La loi en préparation par Myriam El Khomri contiendrait une mesure qui peut soulever quelques questions. Dans les entreprises disposant de syndicats représentatifs, pour qu’un accord soit valide il faudrait un fait majoritaire. Cette mesure existe déjà par ailleurs pour certains accords collectifs (par exemple le regroupement des instances dans les entreprises de plus de 300 salariés qui nécessite un accord majoritaire). La nouveauté est que ce fait majoritaire ne soit pas réservé aux syndicats. Si les syndicats majoritaires n’approuvent pas l’accord, des syndicats minoritaires pourraient s’appuyer sur un référendum majoritaire des salariés.

Majorité « conditionnelle »

Cela reviendrait à créer une majorité « conditionnelle ». Rappelons que la loi de 2008 avait pour objectif de légitimer les acteurs du dialogue social, la représentativité syndicale se mesurant lors de chaque élection. Lors du premier tour, les salariés déterminent, démocratiquement la proportionnalité de chaque syndicat dans le dialogue social.

Cette mesure reviendrait à remettre en cause cette proportionnalité ou à la subordonner à l’accord des salariés pour chaque projet de l’employeur.
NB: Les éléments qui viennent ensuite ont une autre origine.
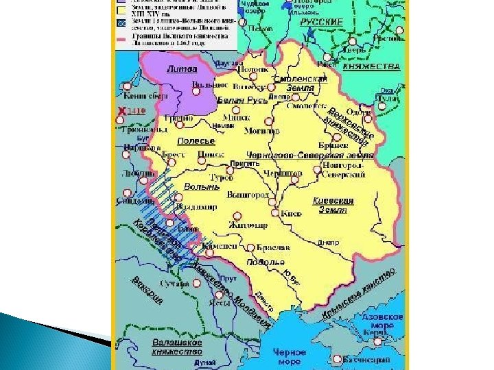 Западнорусские земли в XIII - XIV вв. : государственное устройство, внешняя политика. Великое княжество Литовское и Русское. Одним из последствий государственной децентрализации Киевской державы, усиленных Батыевым погромом, стало разобщение древнерусских территорий, когда Юг и Западная Русь попали под власть Литвы. Некогда единый славянский народ разделился на три ветви - великороссов, украинцев, белорусов. Разрыв культурных и политических связей между частями некогда единого целого вел к консервации некоторых диалектных и обрядовых особенностей, хотя осознание духовноэтнической общности не оставляло потомков древних русичей в условиях изолированности.
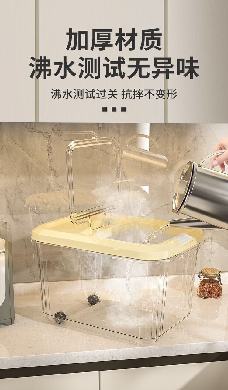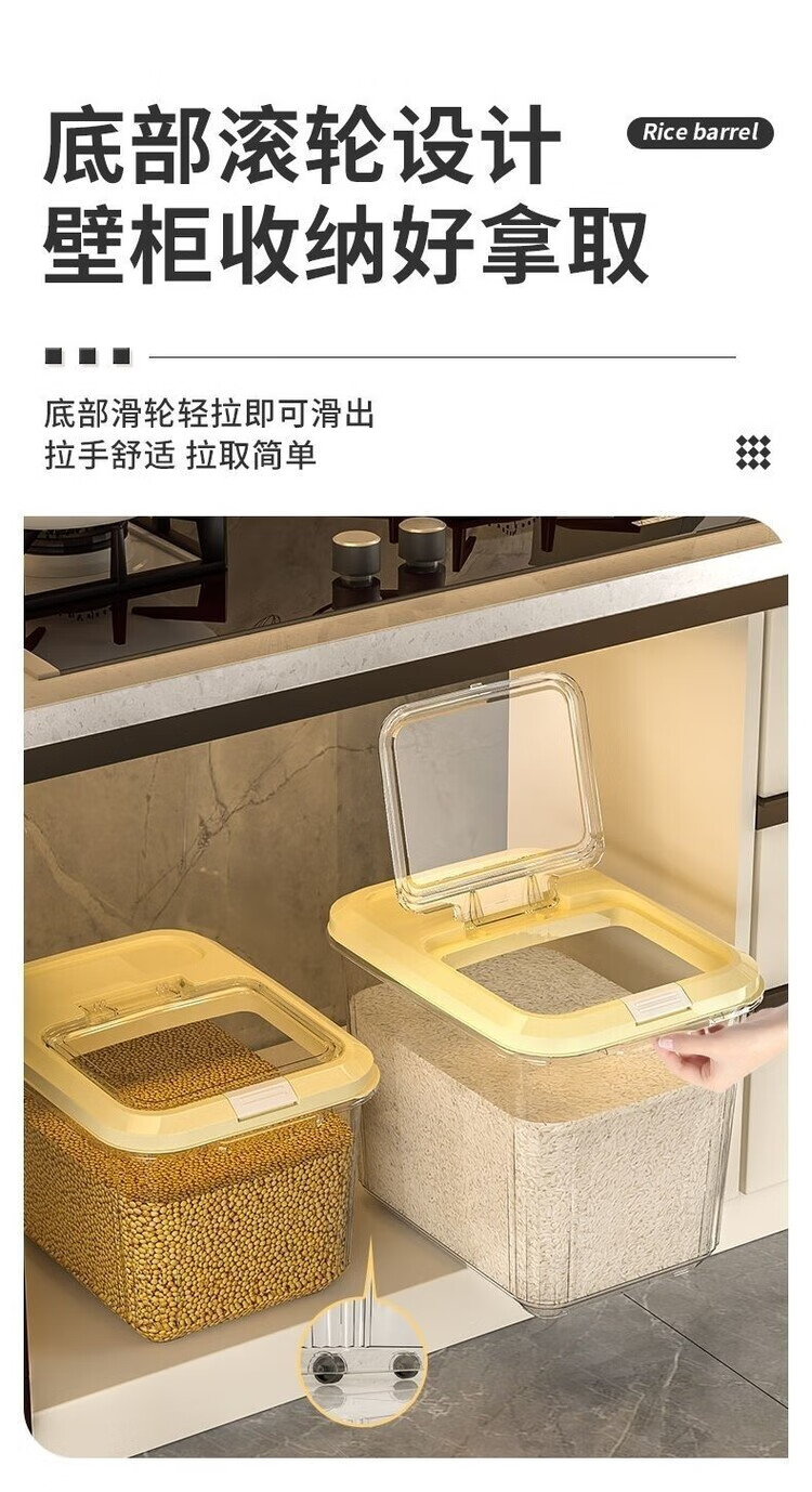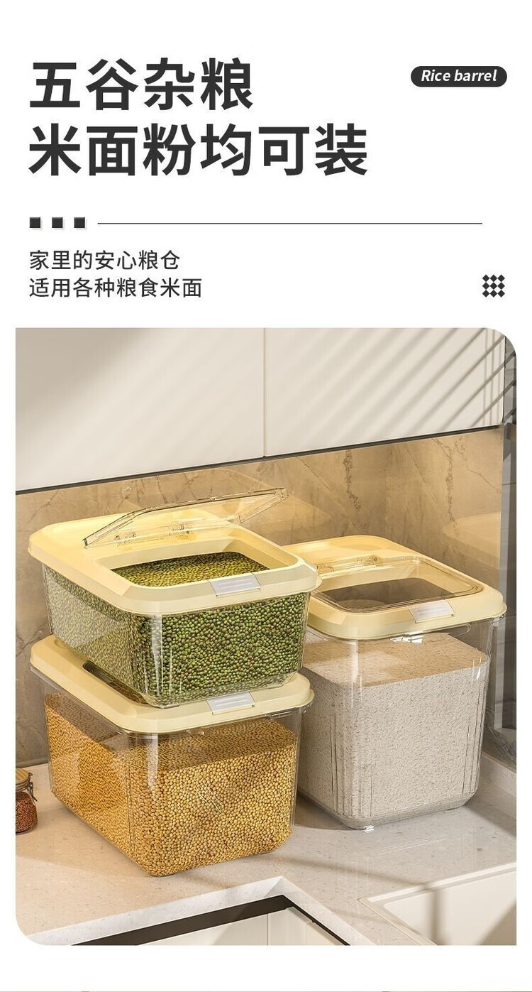 DEATKN米桶家用收纳防虫防潮密封食品级米缸米箱面粉储存罐大米收纳盒 【15斤奶油白透明米桶送米杯】 加厚款【食品级pp材质】
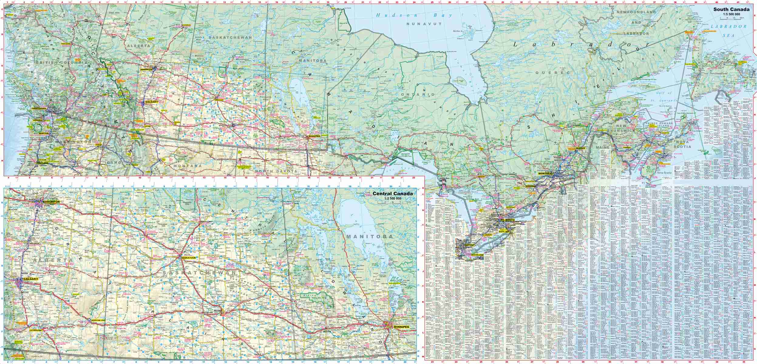 O książce Canada laminowana mapa samochodowo-turystyczna 1:2 500 000 1:5 500 000 1:10 000 000
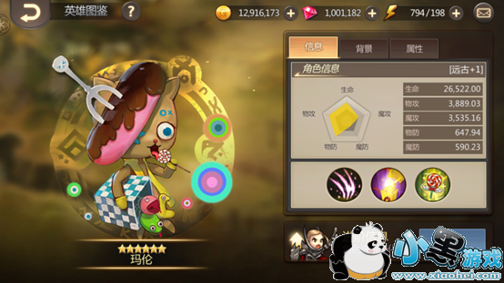 背景故事:外貌可爱的兽人族,非常喜欢甜食,总是肚子饿,据说玛伦那空间无限大的箱子里装满了包括食物在内的各种稀奇古怪的物品
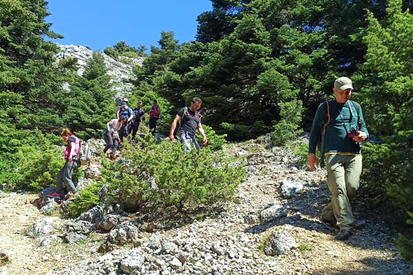 Πεζοπορούμε μέσα στα έλατα, στον πυρήνα του Εθνικού μας Δρυμού.
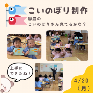 先生のお話をしっかり聞き、こいのぼり🎏を作るとわかると大興奮!!
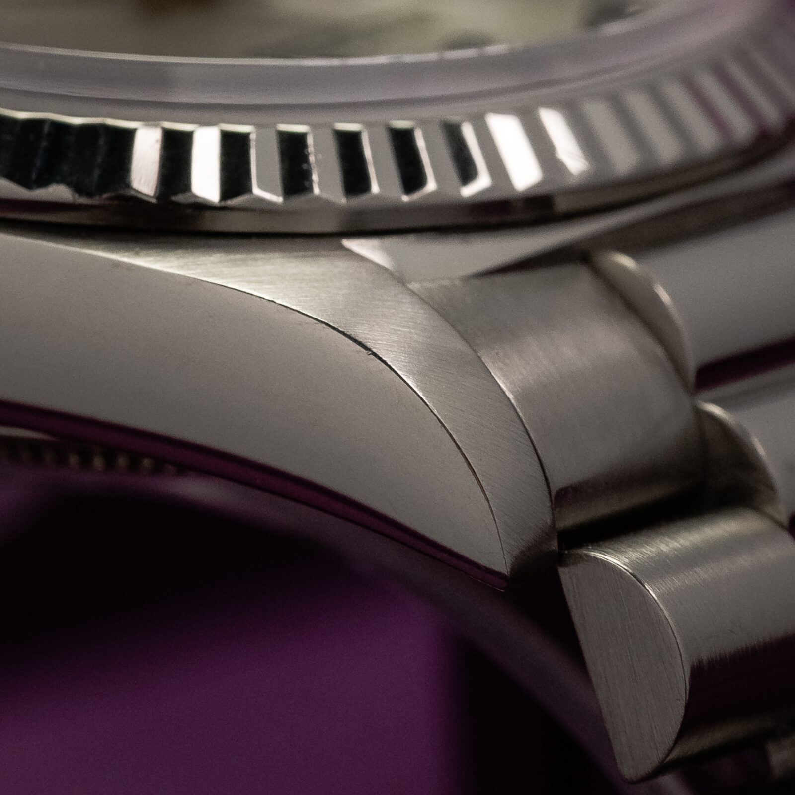 A white gold Day-Date is an under-the-radar take on the flashy man’s watch. At first glance it may pass as stainless steel but you’ll definitely feel the heft and luxurious feel of a gold Rolex on the wrist.
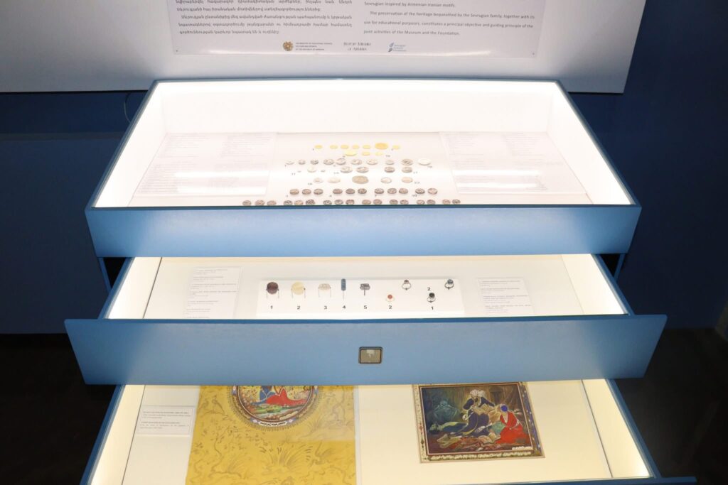 «Սևրուկյան» հիմնադրամի հետ ակտիվ համագործակցության շնորհիվ թանգարանին են նվիրաբերվել շուրջ 2000 արժեքավոր ցուցանմուշներ, որոնք ներառում են Անդրե Սևրուգյանի հայ-իրանական մոտիվներով կատարված ստեղծագործություններից և Էմանուել Սևրուգյանի հազարավոր հին դրամների հավաքածուն: Սա վերջին տարիներին հայաստանյան թանգարաններին նվիրաբերված ամենամեծաքանակ հավաքածուն է։ Ցուցադրության շրջանակում ներկայացված են նվիրաբերված հավաքածուից հին և արժեքավոր մետաղադրամներ՝ հին հունական, փոքրասիական և արևմտաեվրոպական միջնադարյան եզակի նմուշներ, ինչպես նաև մի շարք կնիքներ։
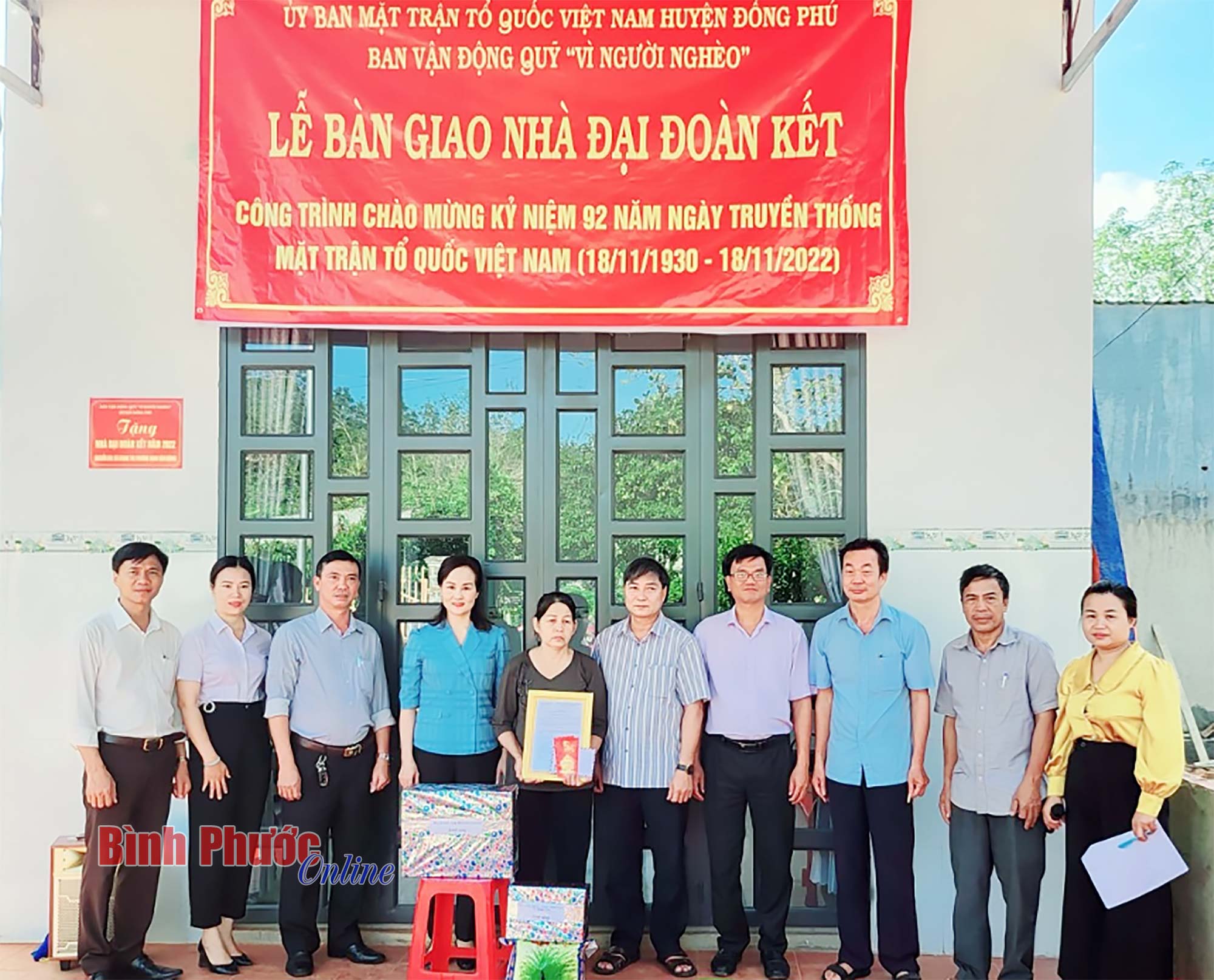 Ủy viên Ban Thường vụ, Chủ nhiệm Ủy ban Kiểm tra Tỉnh ủy Giang Thị Phương Hạnh cùng lãnh đạo huyện Đồng Phú trao tặng nhà cho bà Hà Thị Mai Lan
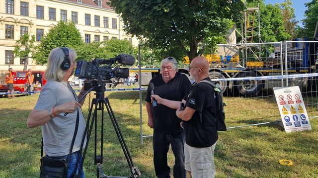 Součástí šturmu byla i výzva, aby lidé využili možnosti natočit rozhovor s redaktorem Milanem Zadělákem, který je rovněž na místě přítomen. Což nás dostává ke druhé skupině přítomných novinářů. Zdravím se srdečně s kolegy z ČTK a Litoměřického deníku, mávneme na sebe s televizáky i krajánky Práva.
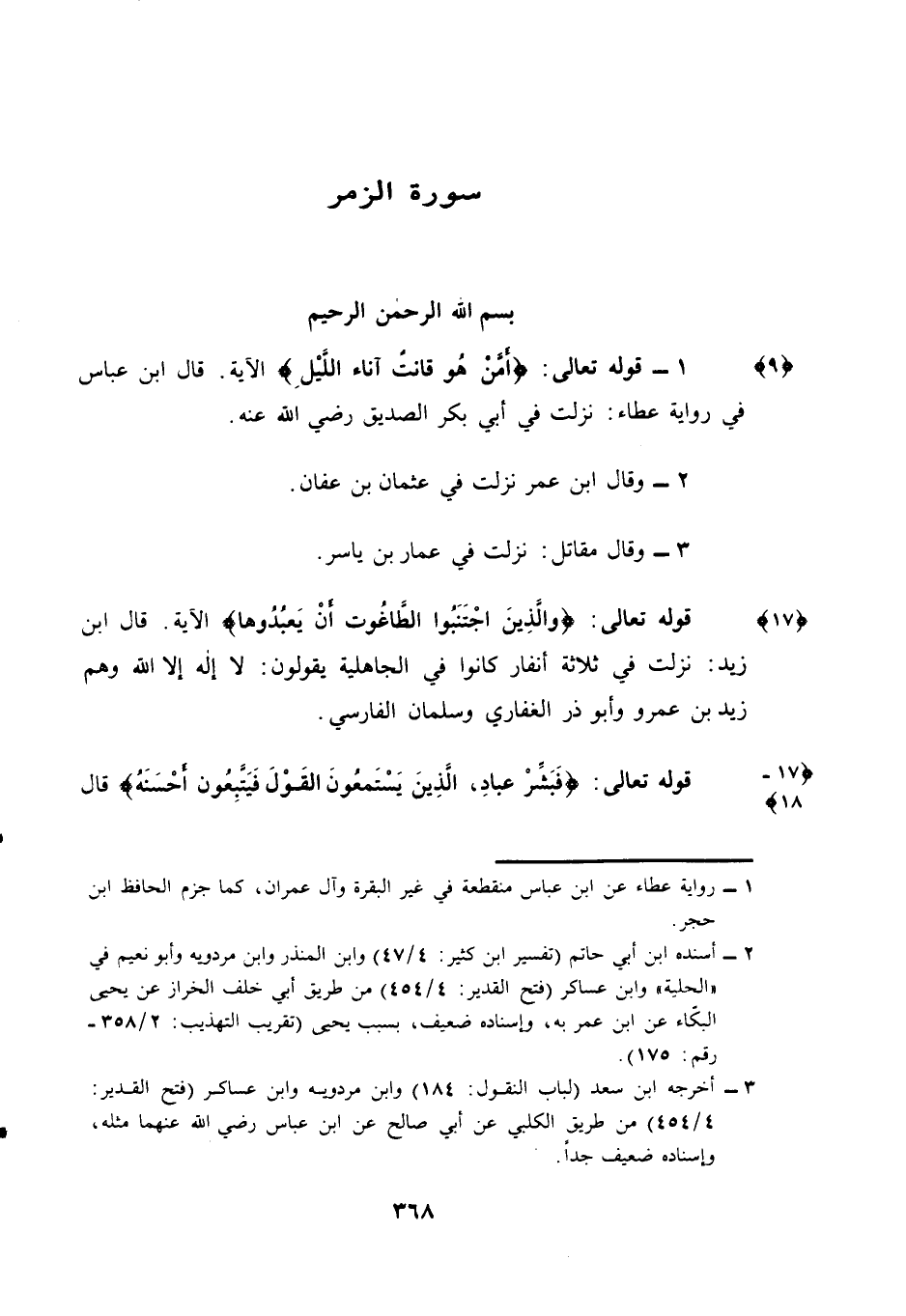 (¬1) - قَوْلُهُ تَعَالَى: {أَمْ مَنْ هُوَ قَانِتٌ آنَاءَ اللَّيْلِ} الْآيَةَ {9} .
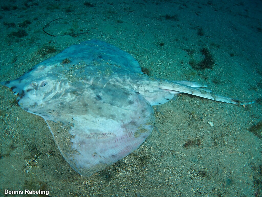 Très grande raie. Peut dépasser 2 m de long. Corps rhomboïdal plus large que long, de couleurs variables et cryptiques allant du sable au gris bleuté avec des taches foncées et pâles. Surface ventrale blanche avec des bordures grises sombres. Museau long, pointu et prononcé. Extrémité des ailes pointue. Face dorsale lisse et ocre avec bordures des ailes et queue noire chez les jeunes, devenant piquante avec l’âge. Queue plus petite que le corps, dotée de 3 rangées de grosses épines sur son dessus et ses côtés.
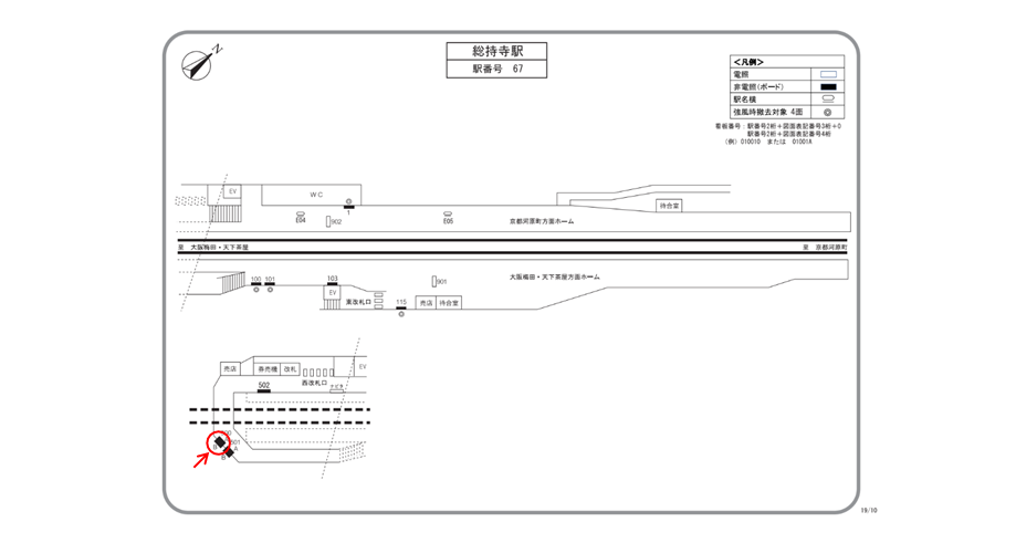 総持寺駅のホーム上にある広告看板です。高槻市・京都河原町・嵐山方面の電車を待つ人に見てもらえます。
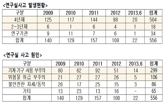 이런 안이한 태도는 곧잘 사고로 이어진다. 새정치민주연합 최민희 의원이 지난해 10월 미래창조과학부 국정감사에서 낸 보도자료에 따르면 2009년부터 2013년 6월까지 발생한 연구실 사고 556건 중 94%인 522건이 대학에서 일어났다. 또 사고 원인 중 88%인 491건이 기계·기구 사용부주의, 위험물 취급 부주의, 불안전한 자세 등 연구자의 부주의로 분류됐다.
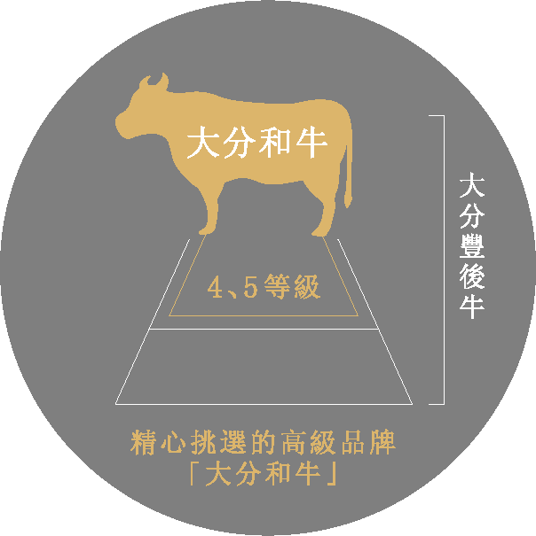 自1921年在全國品評會中榮獲最優秀獎以來,「大分豐後牛」屢次榮獲日本第一的殊榮。在其歷史誕生100週年之際,作為領先品牌誕生的就是「大分和牛」。這款和牛是從高品質的「大分豐後牛」中挑選出來的,在講究美味的農場飼養,並且肉質為4等級以上的逸品。
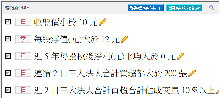 有些朋友專作雞蛋水餃股,今天小弟來貢獻一個專做這類股的操作策略。這個策略的概念是,股價跌破票面,但每股淨值大於12元。這種公司通常業績不怎麼樣,股價才會這麼慘,但這種公司如果過往五年平均還是有賺錢,而且最近2天法人開始大買,就有可能代表這家公司要轉運了。

Vision simpliste du dialogue social

C’est aussi une vision simpliste du dialogue social. Le dialogue social (d’après l’OIT) regroupe notamment l’information, la consultation et la négociation. Quand le dialogue social se résume à la réponse positive ou négative à une question, où se situe l’information et la consultation , Cela ne va-t-il pas à rebours des dernières avancées dans ce domaine ? L’accès à la base de données unique de l’entreprise par les représentants du personnel, les trois consultations récurrentes de la loi Rebsamen (stratégie, finance et politique sociale) qui pouvaient préparer les trois négociations obligatoires sur le même thème.

Le dialogue social s’inscrit dans une vision systémique de l’entreprise et cette vision ne peut exister qu’en renforçant les informations et les consultations réelles avec les élus du personnel et les syndicats. Il ne faut pas oublier que, dans les accords de compétitivité-emploi issus de la loi de 2013, les organisations syndicales pouvaient se faire assister par un expert mandaté par le comité d’entreprise qui pouvait aider les négociateurs à prendre en compte l’ensemble de la situation économique, sociale et financière et justifier ou non du projet de l’employeur. Quelle place à ces approches systémique dans ce projet ?

Quelle est donc la signification du scrutin qui a donné la majorité à tel ou tel syndicat ?

  • Le cas du blocage à la FNAC est mis en avant pour expliquer ce projet. Mais le choix des salariés de la FNAC se porte-il sur le travail dominical ou sur une demande d’augmentation de salaire qui, pour la direction, ne peut passer que par le travail dominical ? Les élus de la FNAC ne sont-ils plus représentatifs et si c’est le cas, quelle est donc la signification du scrutin qui a donné la majorité à tel ou tel syndicat ?


Bien sûr il ne faut pas oublier que la France détient un record dans le taux de syndicalisation (le plus bas de l’OCDE après la Turquie) mais elle détient aussi un record dans le taux de couverture des salariés par des textes conventionnels (notamment les conventions collectives). Il faut certainement renforcer la syndicalisation en France et les syndicats ne sont pas exempts de reproche mais cette mesure n’aurait-elle pas l’effet inverse ? La loi Rebsamen a déjà fortement ouvert la possibilité de négocier en l’absence de syndicat dans l’entreprise (d’ailleurs en utilisant aussi parfois le référendum), il faut au contraire renforcer la présence syndicale peut-être en donnant du sens à l’adhésion des salariés et en renforçant la négociation en entreprise.